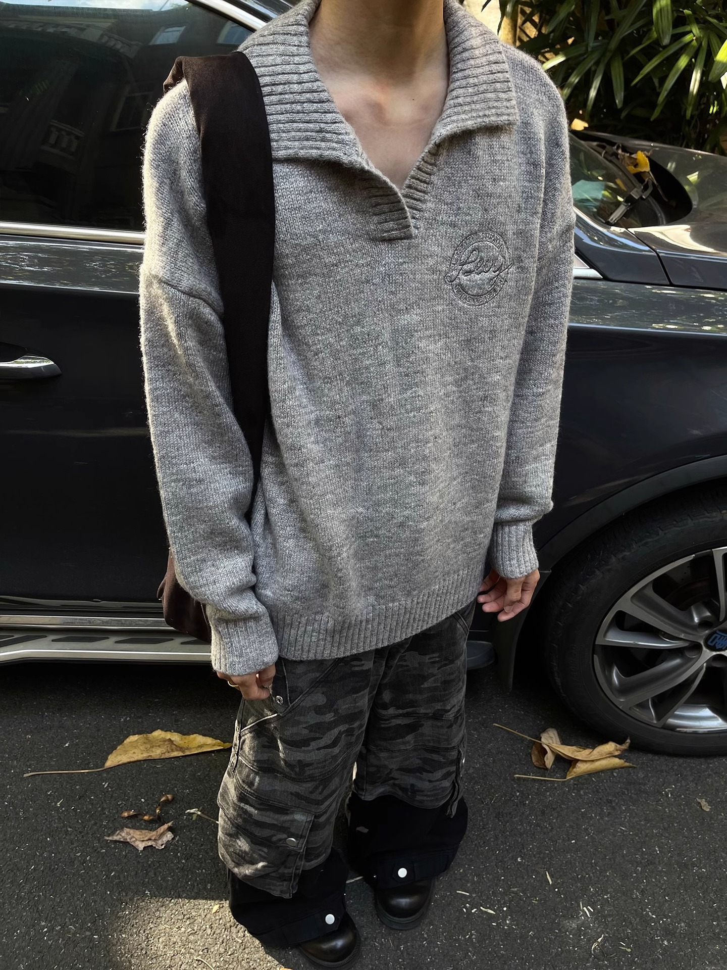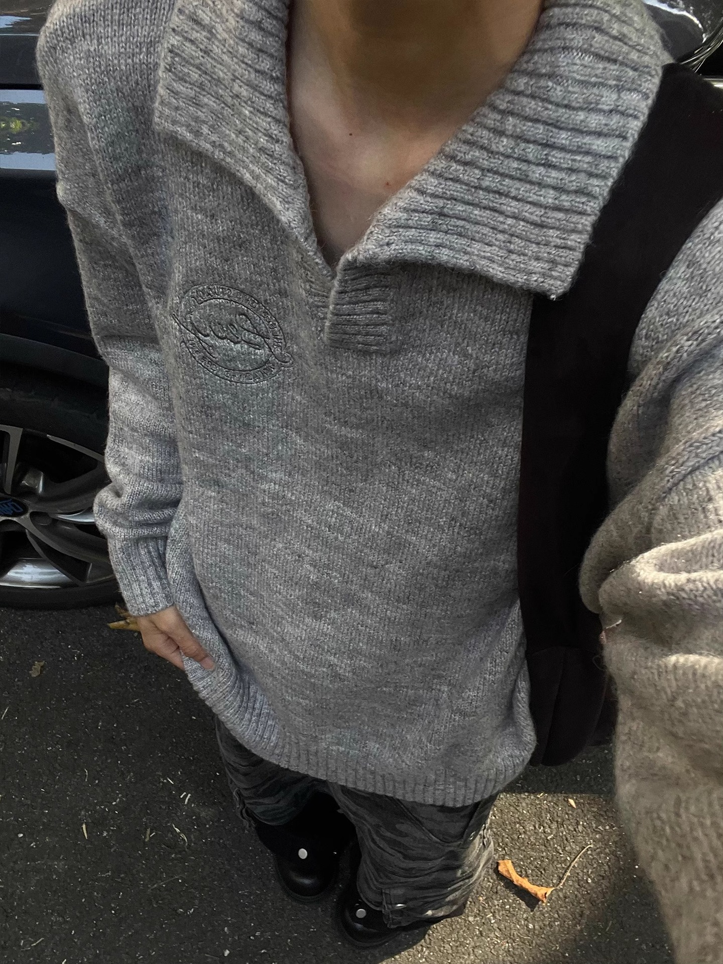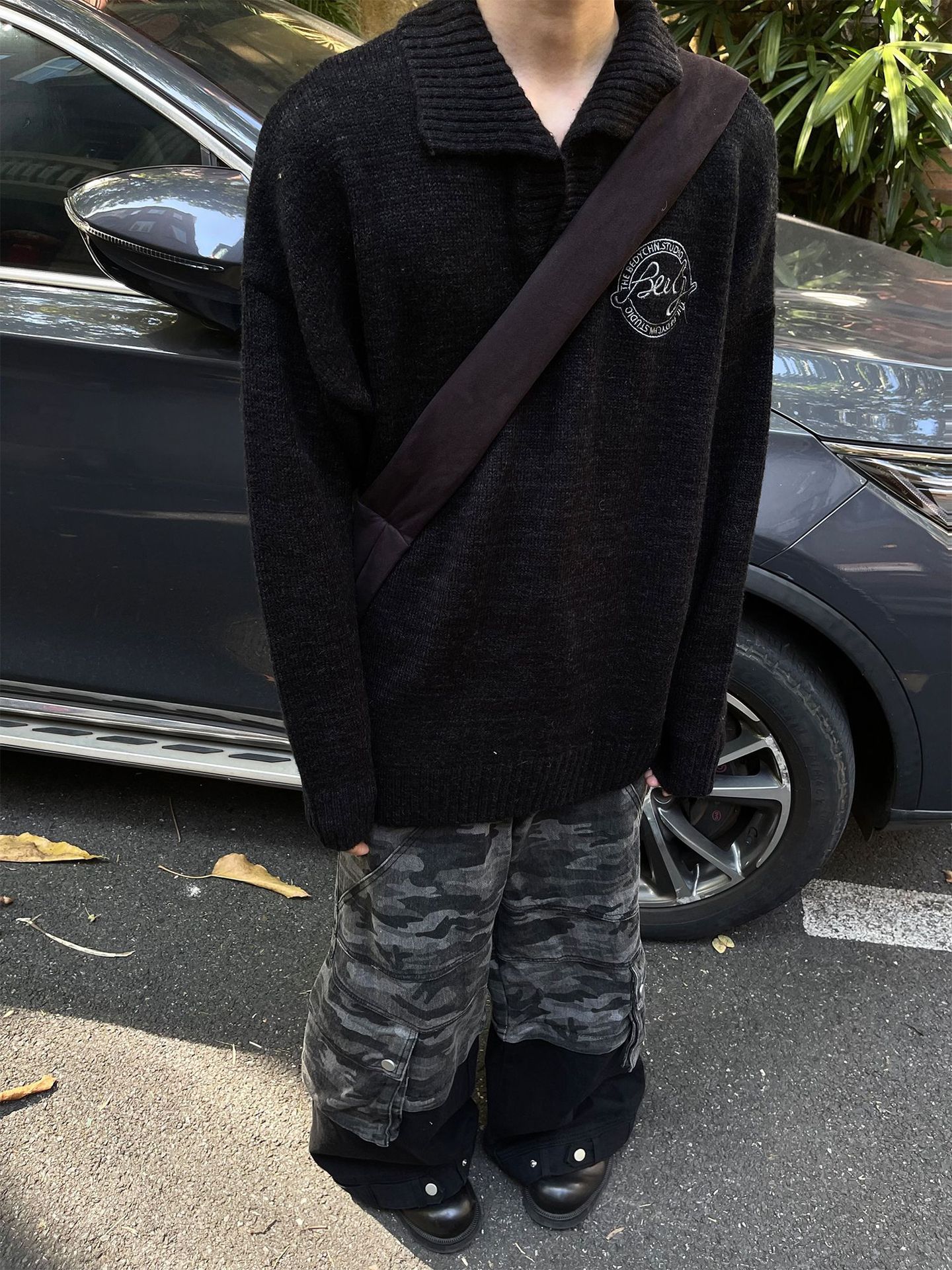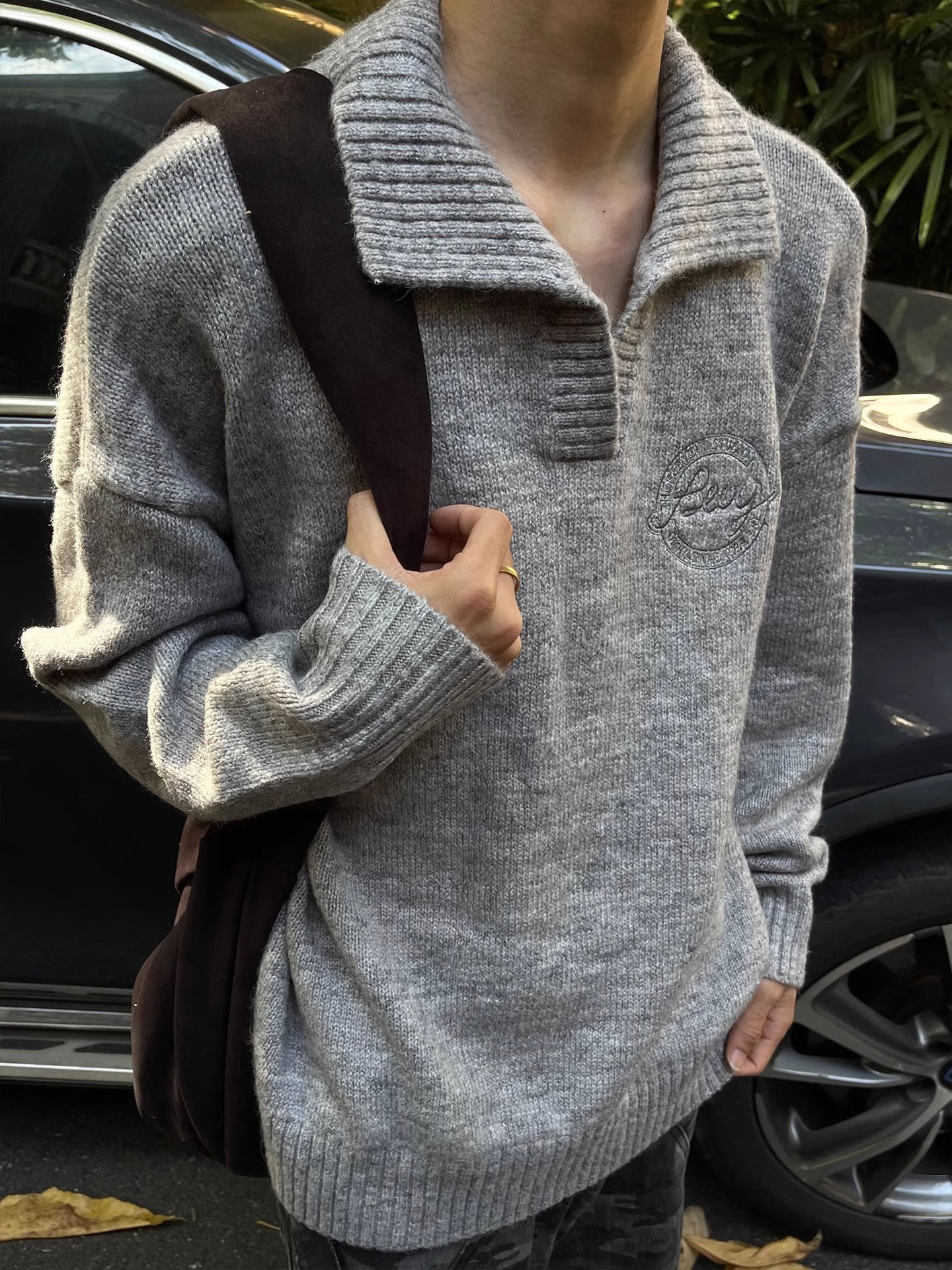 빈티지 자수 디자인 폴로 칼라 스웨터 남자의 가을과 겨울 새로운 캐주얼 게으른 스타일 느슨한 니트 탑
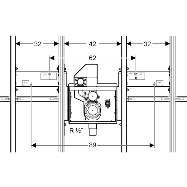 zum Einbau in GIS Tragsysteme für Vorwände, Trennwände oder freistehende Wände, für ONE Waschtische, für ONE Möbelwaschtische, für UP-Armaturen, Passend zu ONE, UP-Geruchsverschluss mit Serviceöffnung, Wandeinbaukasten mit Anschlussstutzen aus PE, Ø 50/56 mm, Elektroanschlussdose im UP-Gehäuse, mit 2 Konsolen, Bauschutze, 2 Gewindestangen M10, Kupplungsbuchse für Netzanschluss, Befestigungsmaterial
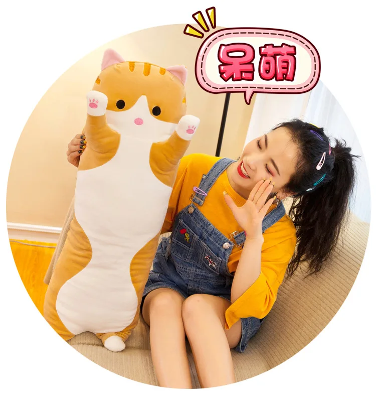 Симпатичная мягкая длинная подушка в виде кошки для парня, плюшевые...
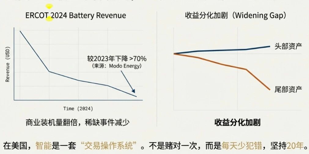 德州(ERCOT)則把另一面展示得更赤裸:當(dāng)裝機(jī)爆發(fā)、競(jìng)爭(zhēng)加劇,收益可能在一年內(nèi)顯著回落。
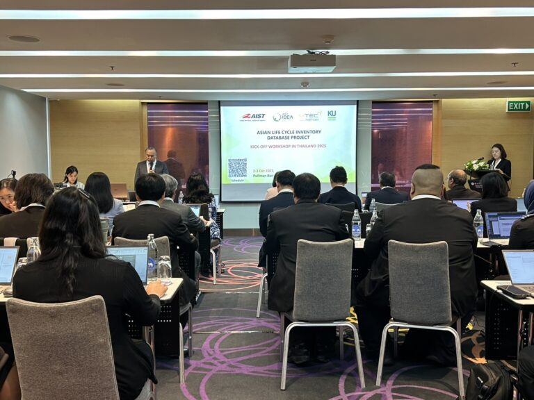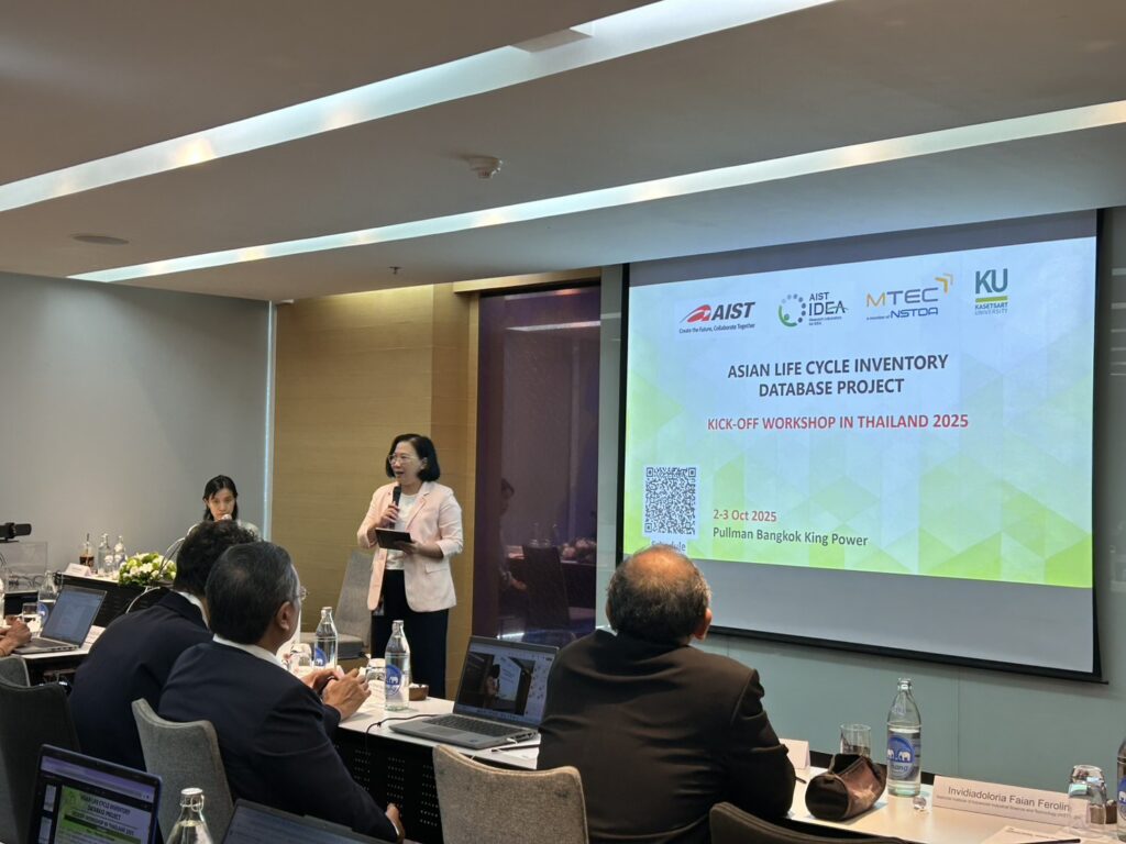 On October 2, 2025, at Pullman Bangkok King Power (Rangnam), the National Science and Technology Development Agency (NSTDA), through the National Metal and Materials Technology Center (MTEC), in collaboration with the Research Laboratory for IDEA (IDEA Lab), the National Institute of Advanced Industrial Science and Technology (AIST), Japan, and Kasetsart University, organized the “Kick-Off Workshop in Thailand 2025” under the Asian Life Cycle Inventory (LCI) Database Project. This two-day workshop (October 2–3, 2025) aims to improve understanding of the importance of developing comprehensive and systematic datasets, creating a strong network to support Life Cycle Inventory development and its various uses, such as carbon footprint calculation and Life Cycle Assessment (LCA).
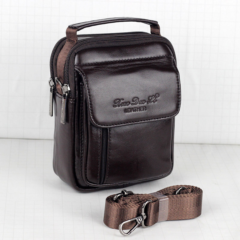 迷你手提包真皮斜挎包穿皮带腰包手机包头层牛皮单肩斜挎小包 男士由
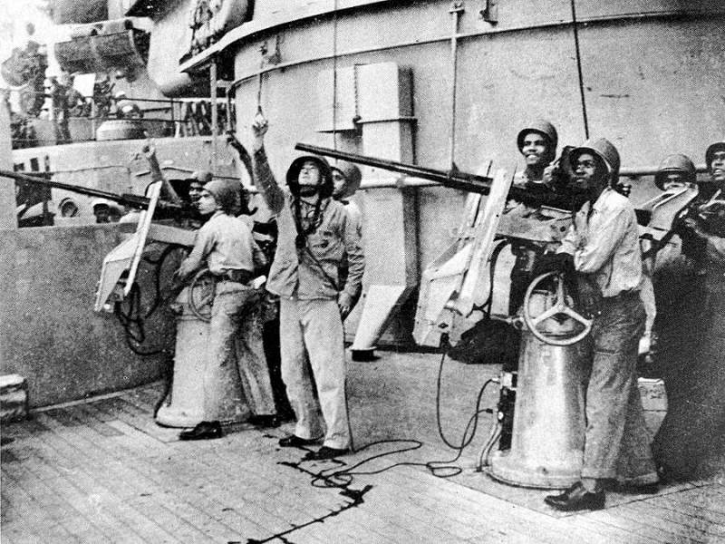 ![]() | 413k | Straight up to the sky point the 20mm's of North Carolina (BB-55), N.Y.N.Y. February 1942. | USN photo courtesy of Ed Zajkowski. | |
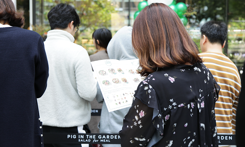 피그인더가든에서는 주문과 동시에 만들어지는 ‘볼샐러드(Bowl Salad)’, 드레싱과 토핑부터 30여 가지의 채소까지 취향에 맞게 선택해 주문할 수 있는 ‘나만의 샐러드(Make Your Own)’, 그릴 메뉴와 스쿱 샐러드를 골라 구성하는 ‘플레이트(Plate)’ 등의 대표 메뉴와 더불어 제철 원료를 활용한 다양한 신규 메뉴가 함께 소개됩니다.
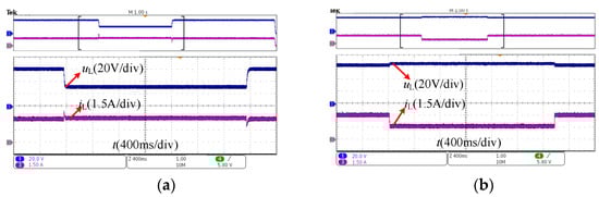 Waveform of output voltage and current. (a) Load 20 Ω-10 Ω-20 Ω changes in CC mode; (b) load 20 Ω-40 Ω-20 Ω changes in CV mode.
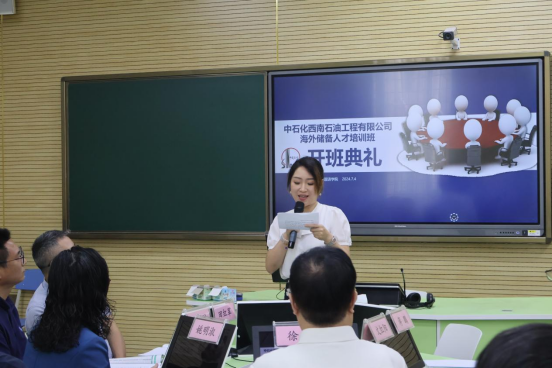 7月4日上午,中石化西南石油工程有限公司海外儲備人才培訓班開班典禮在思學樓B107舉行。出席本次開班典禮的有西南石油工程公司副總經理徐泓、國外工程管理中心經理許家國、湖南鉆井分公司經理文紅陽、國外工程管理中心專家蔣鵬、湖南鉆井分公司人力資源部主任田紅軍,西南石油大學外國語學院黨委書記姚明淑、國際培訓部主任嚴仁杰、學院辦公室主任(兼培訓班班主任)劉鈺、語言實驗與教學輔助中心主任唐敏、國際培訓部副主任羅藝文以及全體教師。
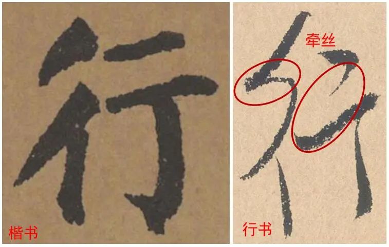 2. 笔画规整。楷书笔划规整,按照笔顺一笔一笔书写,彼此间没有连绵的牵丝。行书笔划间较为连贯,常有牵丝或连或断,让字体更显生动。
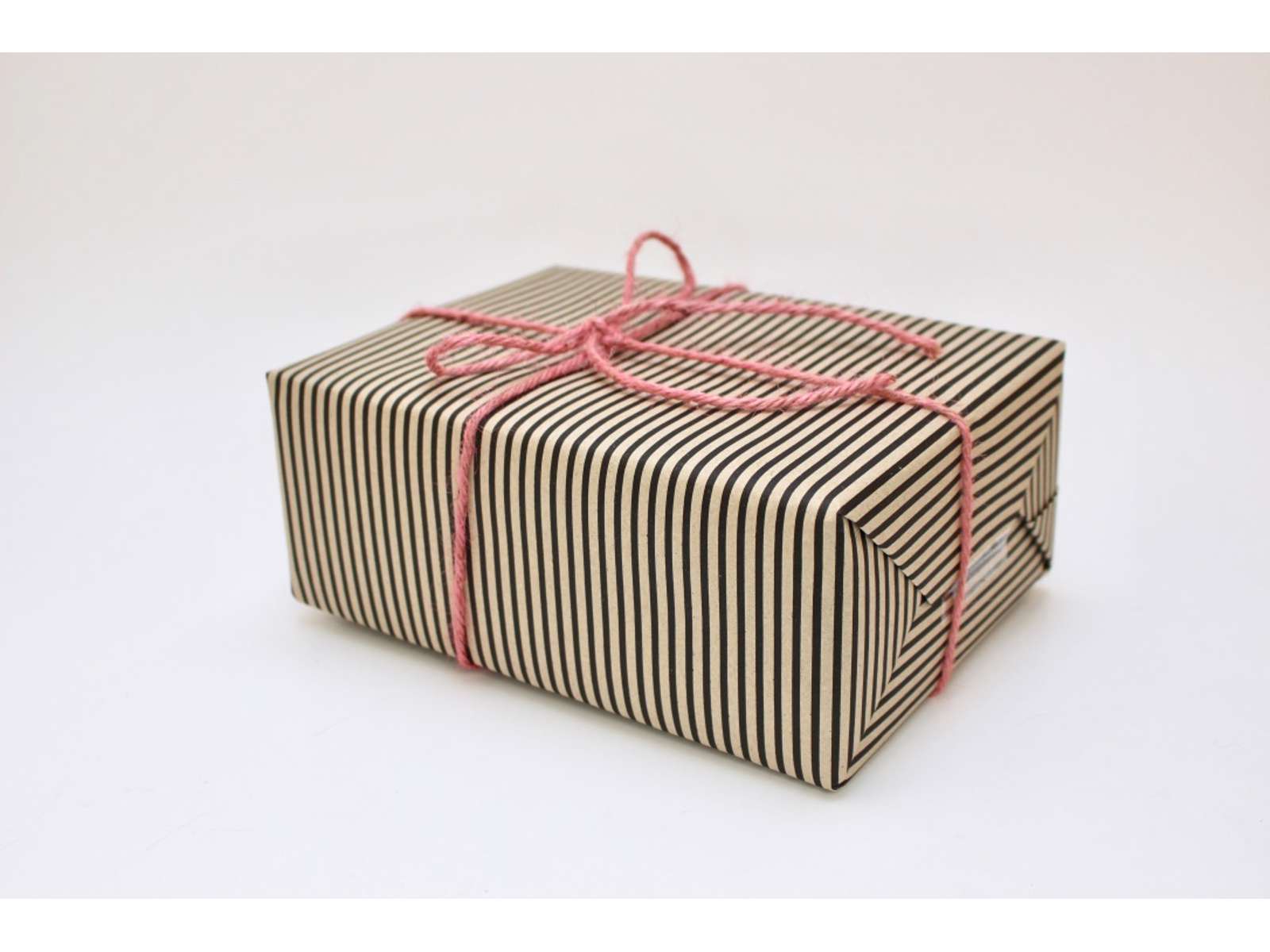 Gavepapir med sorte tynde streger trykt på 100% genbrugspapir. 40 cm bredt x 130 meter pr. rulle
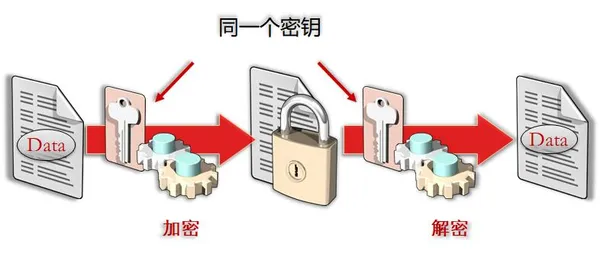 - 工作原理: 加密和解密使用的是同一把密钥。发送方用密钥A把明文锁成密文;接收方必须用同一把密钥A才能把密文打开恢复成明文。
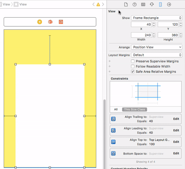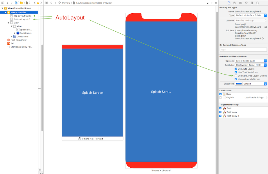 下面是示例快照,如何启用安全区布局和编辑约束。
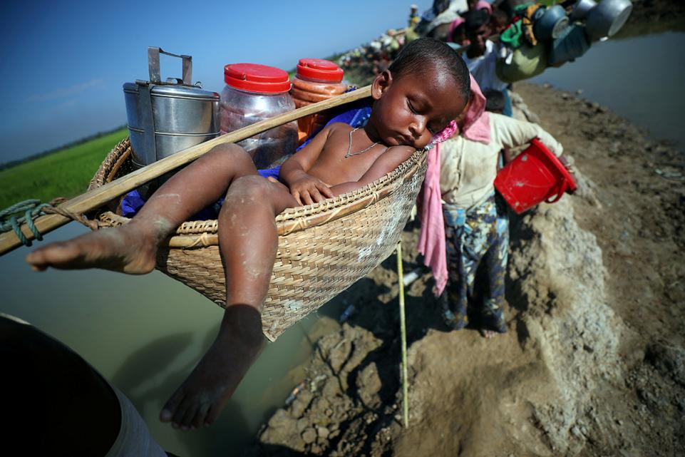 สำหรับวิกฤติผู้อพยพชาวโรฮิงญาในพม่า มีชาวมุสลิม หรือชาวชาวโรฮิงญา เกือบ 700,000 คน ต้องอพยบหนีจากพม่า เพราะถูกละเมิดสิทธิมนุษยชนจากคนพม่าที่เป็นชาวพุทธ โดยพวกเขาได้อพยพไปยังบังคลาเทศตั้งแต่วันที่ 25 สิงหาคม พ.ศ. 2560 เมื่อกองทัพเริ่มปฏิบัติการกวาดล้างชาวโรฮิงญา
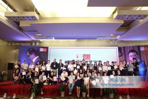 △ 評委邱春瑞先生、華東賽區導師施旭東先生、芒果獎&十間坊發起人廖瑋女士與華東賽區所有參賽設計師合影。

━━━━━━━━━━

• Instructions to follow:
Pictures aside, write out verbatim every line from the first line of the material through the line holding "德州(ERCOT)則把另一面".

• Solution:
 빈티지 자수 디자인 폴로 칼라 스웨터 남자의 가을과 겨울 새로운 캐주얼 게으른 스타일 느슨한 니트 탑
 zum Einbau in GIS Tragsysteme für Vorwände, Trennwände oder freistehende Wände, für ONE Waschtische, für ONE Möbelwaschtische, für UP-Armaturen, Passend zu ONE, UP-Geruchsverschluss mit Serviceöffnung, Wandeinbaukasten mit Anschlussstutzen aus PE, Ø 50/56 mm, Elektroanschlussdose im UP-Gehäuse, mit 2 Konsolen, Bauschutze, 2 Gewindestangen M10, Kupplungsbuchse für Netzanschluss, Befestigungsmaterial
 Симпатичная мягкая длинная подушка в виде кошки для парня, плюшевые...
 德州(ERCOT)則把另一面展示得更赤裸:當(dāng)裝機(jī)爆發(fā)、競(jìng)爭(zhēng)加劇,收益可能在一年內(nèi)顯著回落。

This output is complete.